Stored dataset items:
* * * * * * *

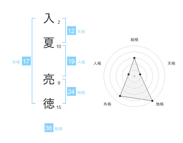 入夏 亮徳さんを姓名の画数から五運を鑑定
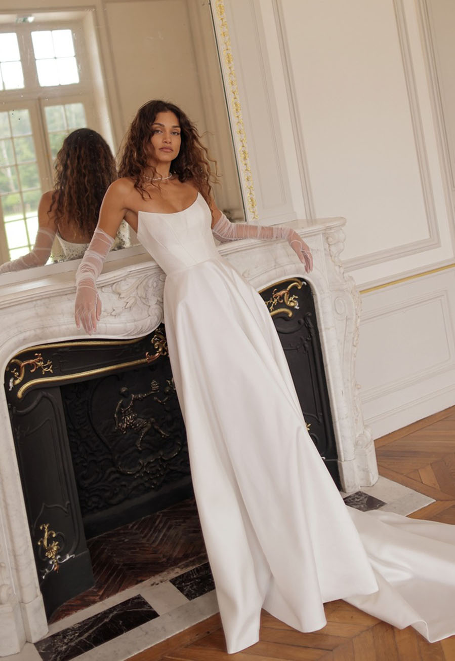 Perfect for brides seeking a contemporary yet timeless look that commands attention.
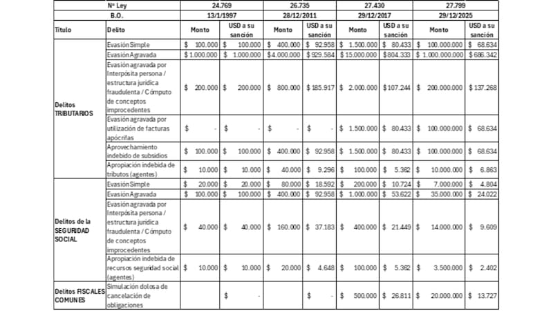 Curiosamente, un análisis histórico revela una paradoja financiera: si bien los montos aumentaron nominalmente en pesos en un 100.000% respecto a normativas anteriores, su conversión a dólares al momento de sanción demuestra que el valor real de punibilidad es actualmente menor en moneda dura (pasando de USD 100.000 en 1997 a USD 68.634 con la nueva ley).
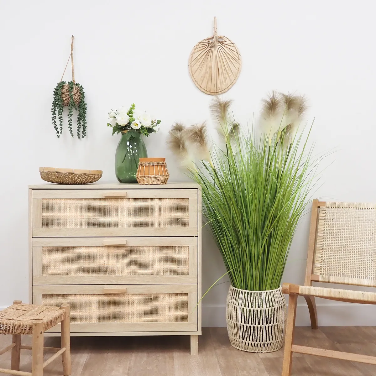Son pot en osier avec finition en petits cailloux complète parfaitement l’illusion, créant un effet naturel authentique qui saura tromper l’œil.
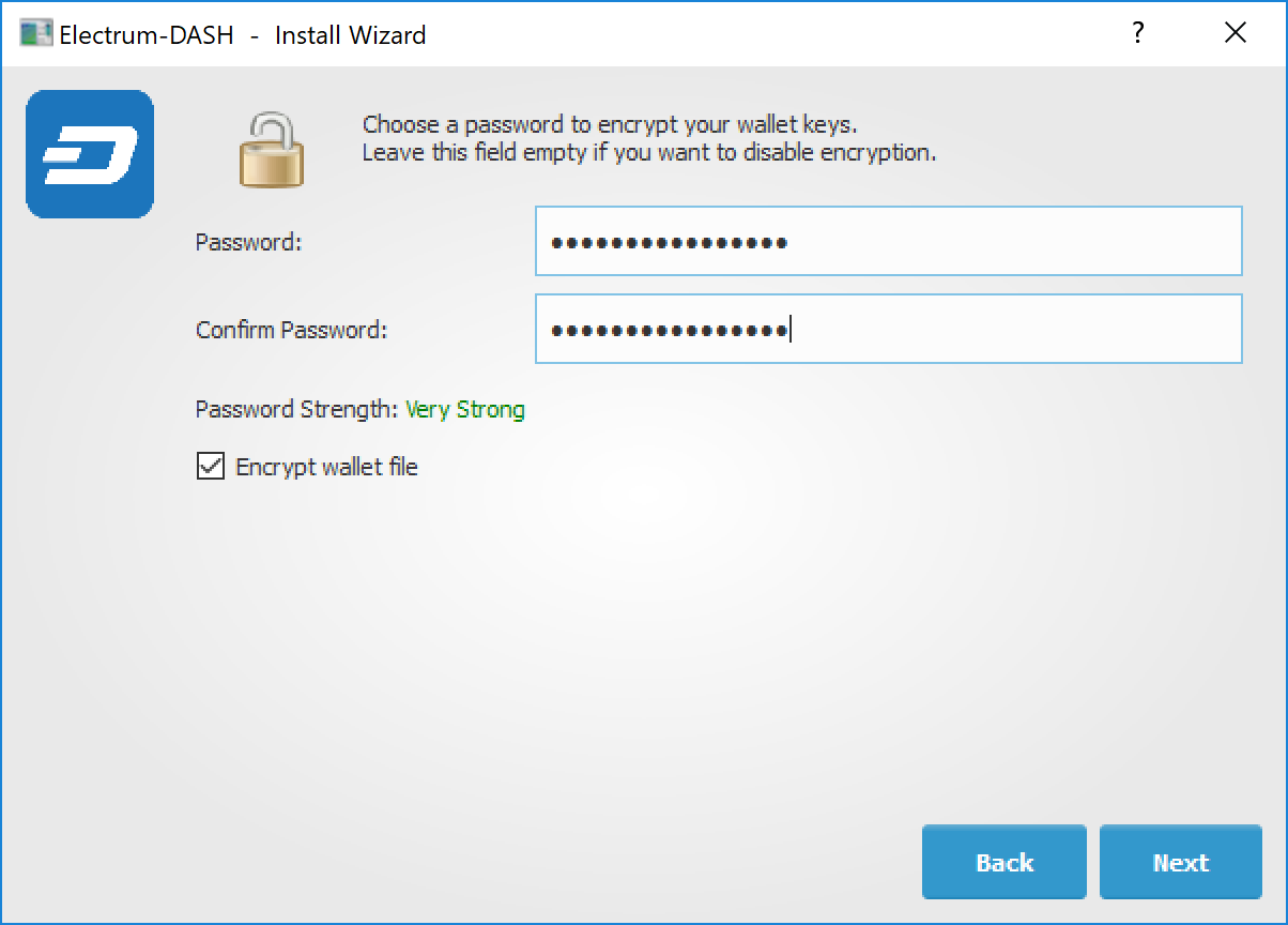 A password optionally secures your wallet against unauthorized access. Adding a memorable, strong password now improves the security of your wallet by encrypting your seed from the beginning. Skipping encryption at this point by not selecting a password risks potential theft of funds later, however unlikely the threat may be. Enter and confirm a password, ensure the Encrypt wallet file checkbox is ticked and click Next to continue.
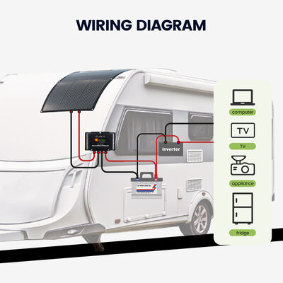 Au cœur de ce kit de recharge solaire se trouve un panneau solaire semi-flexible léger de 120 W à haut rendement, qui est un choix idéal pour les fourgons aménagés et les petites installations de camping-cars. Le type de panneau solaire semi-flexible monocristallin utilisé dans ce kit garantit des taux de conversion d'énergie supérieurs et de meilleures performances dans des conditions de faible luminosité par rapport aux autres technologies de panneaux solaires. Cela signifie que vous obtenez plus d'énergie, même par temps nuageux ou tôt le matin et en fin d'après-midi, ce qui en fait un composant fiable de votre système d'alimentation hors réseau.

* * * * * * *

• Task item: Nothing but the lines from the top of the data above through the line containing "A password optionally" should be output, exactly as written and without the pictures.

• Expected answer:
 入夏 亮徳さんを姓名の画数から五運を鑑定
 Perfect for brides seeking a contemporary yet timeless look that commands attention.
 Curiosamente, un análisis histórico revela una paradoja financiera: si bien los montos aumentaron nominalmente en pesos en un 100.000% respecto a normativas anteriores, su conversión a dólares al momento de sanción demuestra que el valor real de punibilidad es actualmente menor en moneda dura (pasando de USD 100.000 en 1997 a USD 68.634 con la nueva ley).
Son pot en osier avec finition en petits cailloux complète parfaitement l’illusion, créant un effet naturel authentique qui saura tromper l’œil.
 A password optionally secures your wallet against unauthorized access. Adding a memorable, strong password now improves the security of your wallet by encrypting your seed from the beginning. Skipping encryption at this point by not selecting a password risks potential theft of funds later, however unlikely the threat may be. Enter and confirm a password, ensure the Encrypt wallet file checkbox is ticked and click Next to continue.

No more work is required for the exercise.